Худ стрельнул взглядом на Столла и подался ближе к экрану.
– Подождите, – попросил он. Пол еще раз прочитал дату. – Скажите Деирдри или Нату, чтобы они добыли побольше информации об этой компании. И побыстрее.
Кивнув, Столл очистил экран и вызвал “укротителей Кракена”, как он их называл. Запросив по электронной почте дополнительную информацию о “Демэне”, он откинулся назад и выжидательно сцепил руки.
Ждать пришлось совсем недолго. Деирдри переслала короткую заметку из журнала под названием “Видеоигры в иллюстрациях” за июнь 1980 года, в которой говорилось:
ИГРЫ ЗАВТРАШНЕГО ДНЯ
Вы еще не совсем заастероидились?
А космические пришельцы еще не достали вас до смерти?

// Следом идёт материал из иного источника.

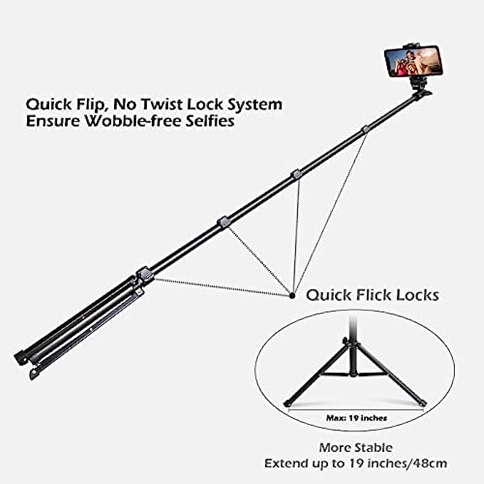 Extra Long For More Possibility - Extendable From 17.0 Inches To 60.0 Inches (Longer Than Average), Combined With 180° Neck Rotation And 360° Head Rotation To Find Your Best And Beautiful Shooting Angle, You Can Now Cram In More People Or Background To Take The Most Satisfying Selfies And Capture Awesome Selfies Or Other Photos From Formerly Impossible Angles

Даже если вам по-прежнему нравятся хиты вчерашнего дня, новая звезда на небосклоне компьютерных видеоигр – французская компания “Демэн”, что означает “завтра”, разработала картридж иного типа, совместимый с вашими домашними приставками “Атари”, “Интелливижн” и “Одиссей”. Первый картридж с игрой “Незабываемый рыцарь” поступит в магазины ухе в этом месяце. Это будет первая игра, которая одновременно подходит для трех основных видеосистем.
В пресс-релизе начальник научно-исследовательского отдела компании Жан-Мишель Хорн сообщает: “Благодаря нашей новой революционной разработке -микросхеме с огромной мощностью – графика и сценарии будут еще более детализированными и захватывающими, чем в любой из ранее созданных игр”.
"Незабываемый рыцарь” будет продаваться по цене 34 доллара вместе с купоном, дающим право на скидку при покупке следующей игры с похождениями супергероя под названием “Ообермен”.
Худ прервал чтение, чтобы обдумать информацию и сопоставить скрытые факты. Это помогло сложить разрозненные сведения в целостную картину.
Нэнси украла чертежи нового чипа и продала их некой компании, вероятно – даже скорее всего, – этой самой “Демэн”. Расист Жирар прилично богатеет на производстве видеоигр. И коварно вкладывает деньги в игры, проповедующие нетерпимость и насилие.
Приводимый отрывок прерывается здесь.